Colin Devine, a longtime life insurance consultant and analyst, has some ideas about possible threats to life insurers that may surprise plenty of other industry veterans.
Devine talked about the demons in the wings today in New York, at the eighth annual Life Settlement Institutional Investor Conference.
The Life Insurance Settlement Association (LISA) organizes the conferences to help representatives from life settlement firms network with representatives from banks, pension funds, private equity funds, hedge funds and other entities with a taste for alternative assets.
Devine, who is now a senior advisory partner at Grail LLC, told attendees that he thinks the future of the life settlement industry is bright, but that players in that sector should understand the risks they face when they buy life insurance policies.

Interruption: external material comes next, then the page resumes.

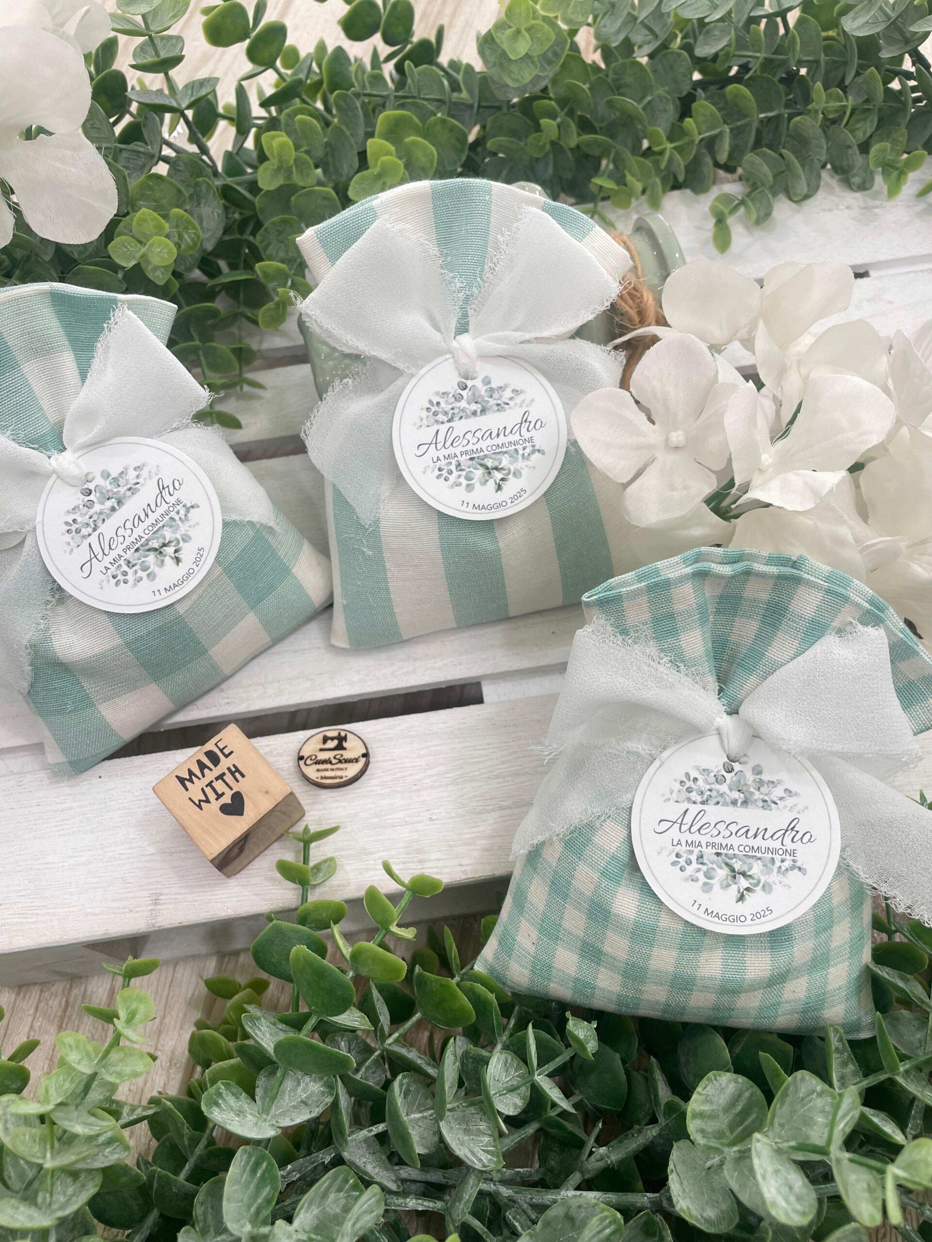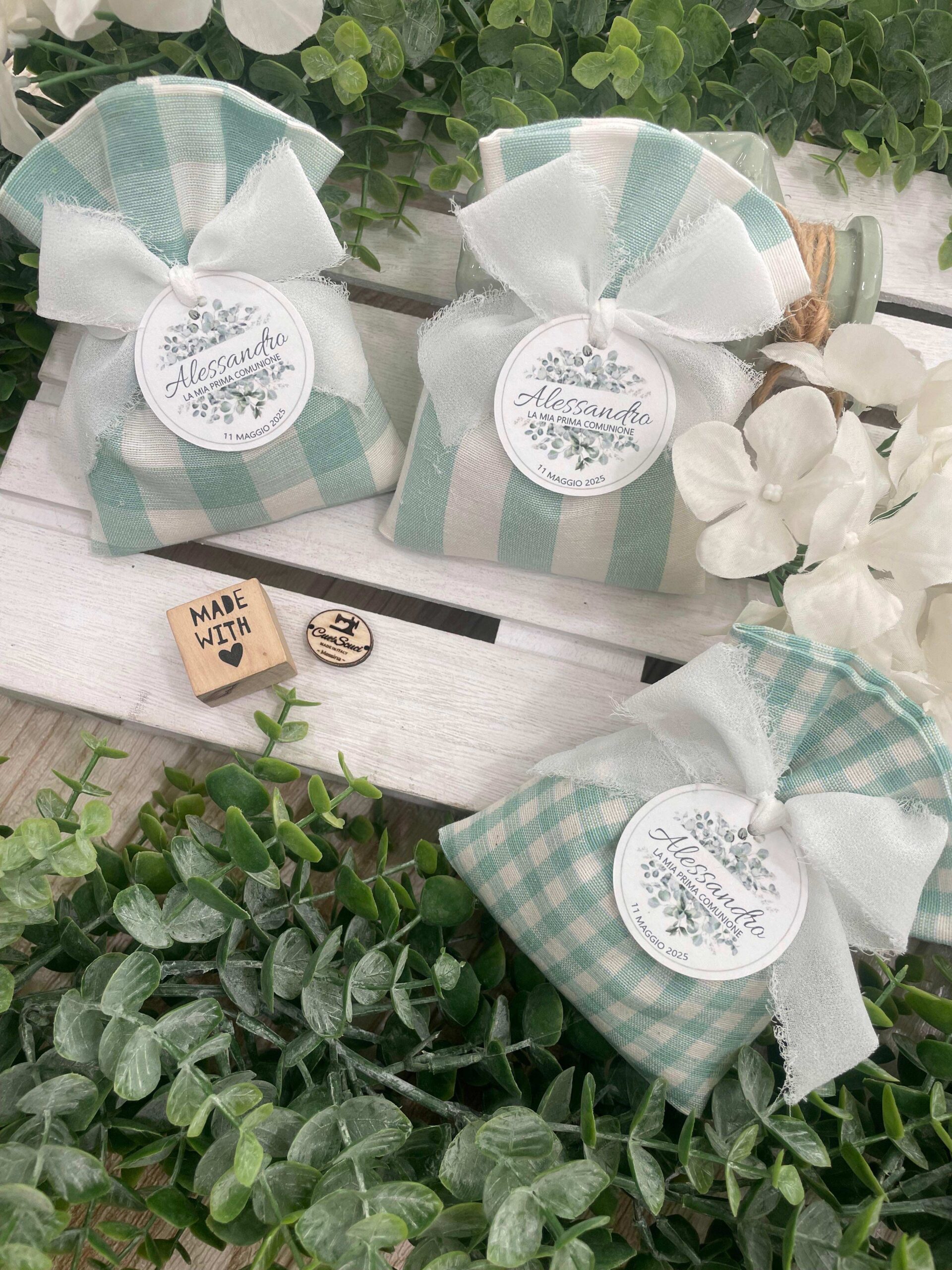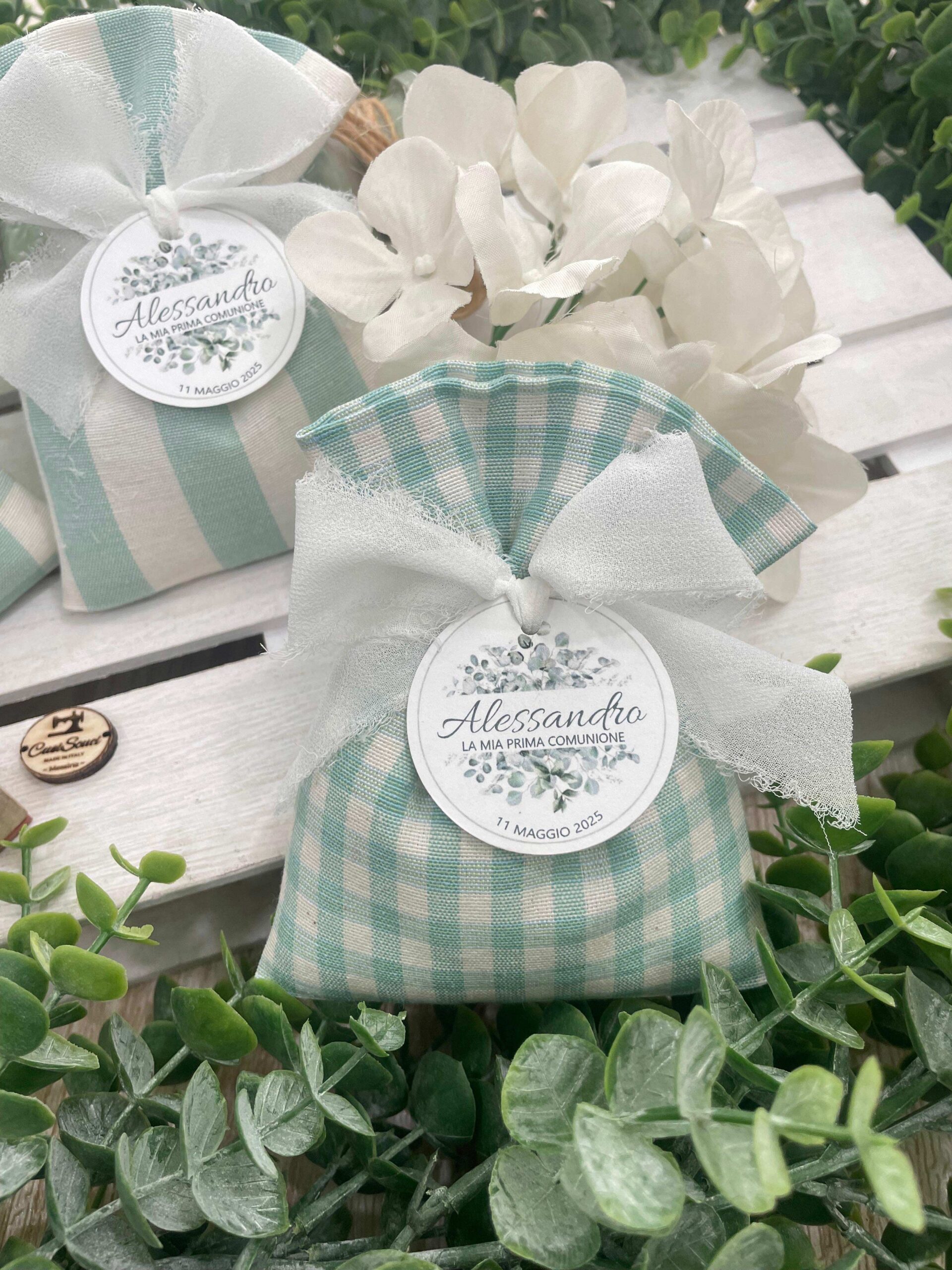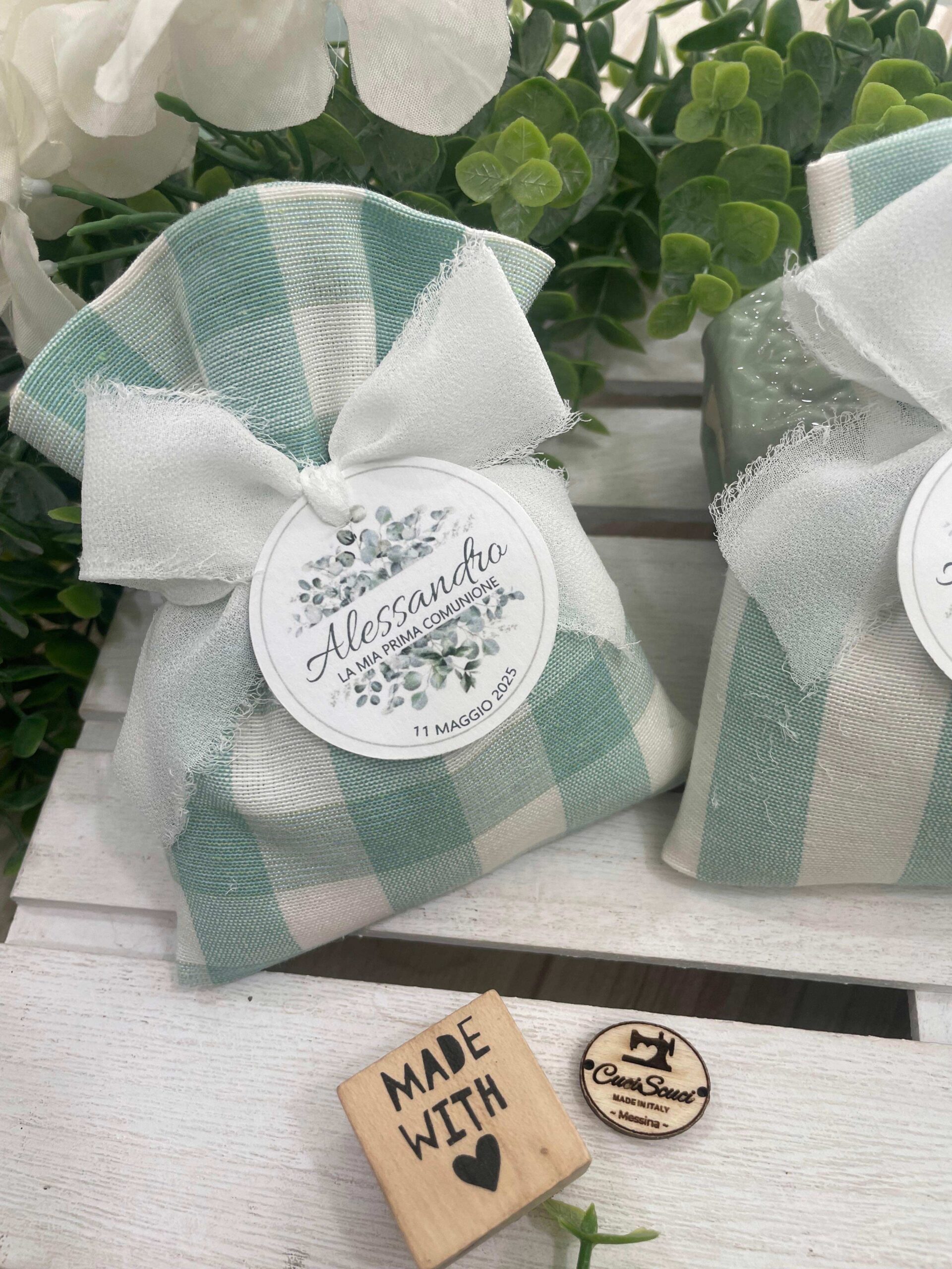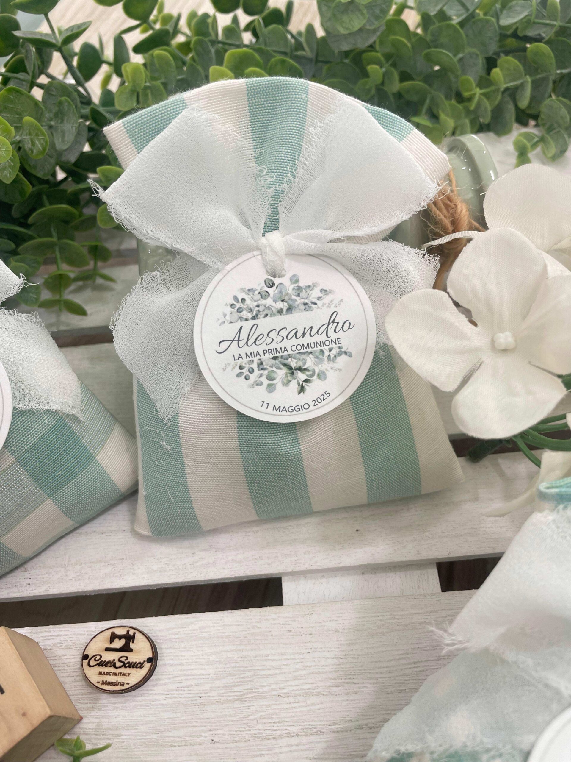 Realizzato con cotone rodas in fantasie assortite (o a scelta) nei toni del verde menta e del panna, con l’applicazione di un tag personalizzato.

Compared with how the life insurance industry looked two years ago, "I don't think it's any better," Devine said. "I don't think it's any worse…. The chickens have come home to roost."

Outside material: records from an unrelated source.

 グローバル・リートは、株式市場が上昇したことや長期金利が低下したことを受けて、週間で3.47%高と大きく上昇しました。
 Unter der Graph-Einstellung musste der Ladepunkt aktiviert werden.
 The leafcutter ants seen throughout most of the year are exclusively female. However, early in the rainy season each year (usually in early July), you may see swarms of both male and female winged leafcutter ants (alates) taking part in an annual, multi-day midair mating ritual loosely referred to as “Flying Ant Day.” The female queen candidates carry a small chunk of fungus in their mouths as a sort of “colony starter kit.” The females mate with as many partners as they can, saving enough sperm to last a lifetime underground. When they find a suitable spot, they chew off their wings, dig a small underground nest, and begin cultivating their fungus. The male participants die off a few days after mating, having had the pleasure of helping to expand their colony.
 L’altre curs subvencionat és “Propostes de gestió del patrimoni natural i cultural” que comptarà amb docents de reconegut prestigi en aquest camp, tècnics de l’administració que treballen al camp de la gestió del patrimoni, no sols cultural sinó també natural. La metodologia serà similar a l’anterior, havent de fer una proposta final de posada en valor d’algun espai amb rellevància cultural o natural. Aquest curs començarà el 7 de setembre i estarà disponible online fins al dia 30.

Devine mentioned long-term care insurance obligations and the U.S. Department of Labor 's fiduciary rule.
Even though the Consumer Financial Protection Bureau is not supposed to have oversight over insurance, whether it does or does not is not absolutely clear, and no one in the life insurance industry should be eager to come face to face with Sen. Elizabeth Warren, D-Mass, at a Senate hearing, Devine said.
"That never goes well for anybody," Devine said.

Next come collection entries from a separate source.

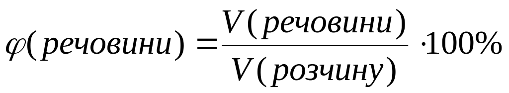 Об’ємна частка розчиненої речовини – дорівнює відношенню об’єму речовини до об’єму розчину і виражається числом, меншим за одиницю, або у відсотках: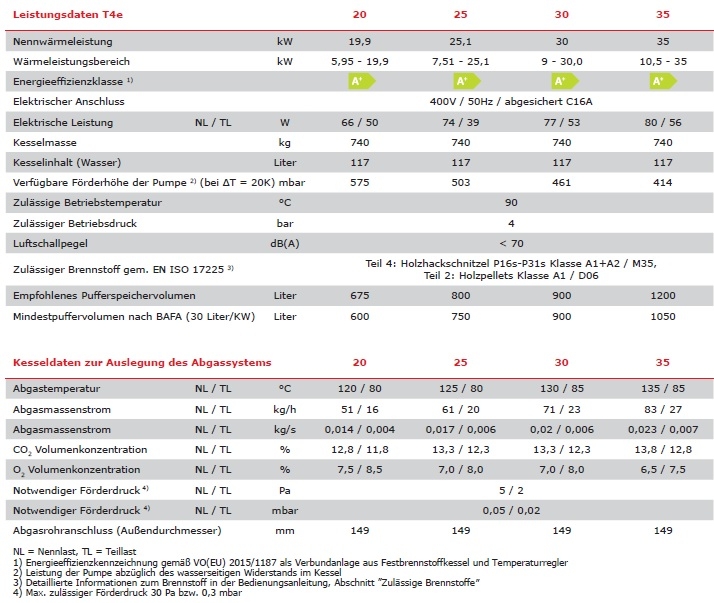 Hackgutkessel T4e Hackgutkessel zur automatischen Verfeuerung von: Brennstoff gem. EN ISO 17225 - Teil 4: Holzhackschnitzel P16s-P31s Klasse A1 + A2 / M35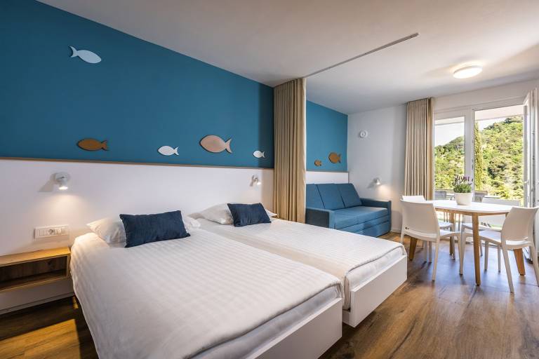 Apartmaji morja pomirjajo z modrimi odtenki in s plavajočimi ribami na stenah za popolno počitniško vzdušje. Apartmaji sonca vas pozdravljajo s sončnimi žarki na stenah in pozitivno rumeno barvo, apartmaji soli pa zgodbo o nepogrešljivi dobrini Obale pripovedujejo s svetlimi barvami in okrasno soljo za dekorativnim steklom na stenah.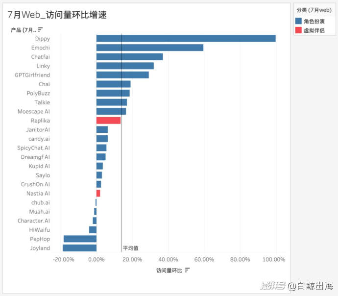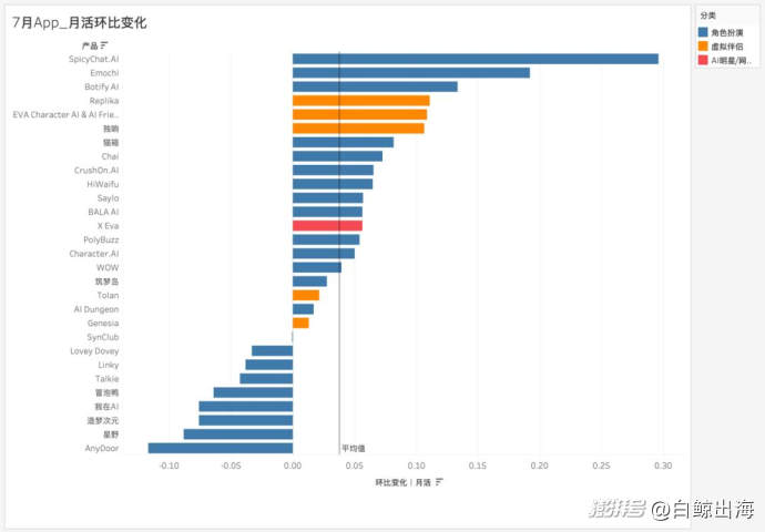 从月活环比变化来看,近 2/3 的产品月活实现了环比增长。增速靠前的产品依旧集中在角色扮演品类,其中「SpicyChat.AI」7 月月活 20 万以 29.63% 的环比增长率领跑品类增速;虚拟伴侣则实现了全员月活环比增长。
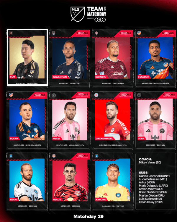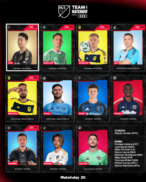 MLS 사무국은 26일(한국시간) 공식 홈페이지를 통해 2025 MLS 매치데이 30 베스트 11를 공개하며 "스타 선수들이 대승과 이변을 주도하며 아우디가 선정하는 '팀 오브 더 매치데이'에 이름을 올렸다"고 전했다.

Devine also covered some lower-profile risks to life insurers. Here are three.
- Statement of Financial Accounting Standards Number 60
FAS 60 governs how insurers account for long-duration insurance contracts. It lets them lock in assumptions about future policy benefits at policy inception, unless a premium deficiency exists. If a premium deficiency exists, the insurer is supposed to recognize the deficiency with a charge to income, along with other adjustments.
If insurers get to the point that they have to acknowledge that, because of low interest rates, they suffer from premium deficiencies, that could suddenly make lines that look good today, such as whole life, look much worse, Devine said.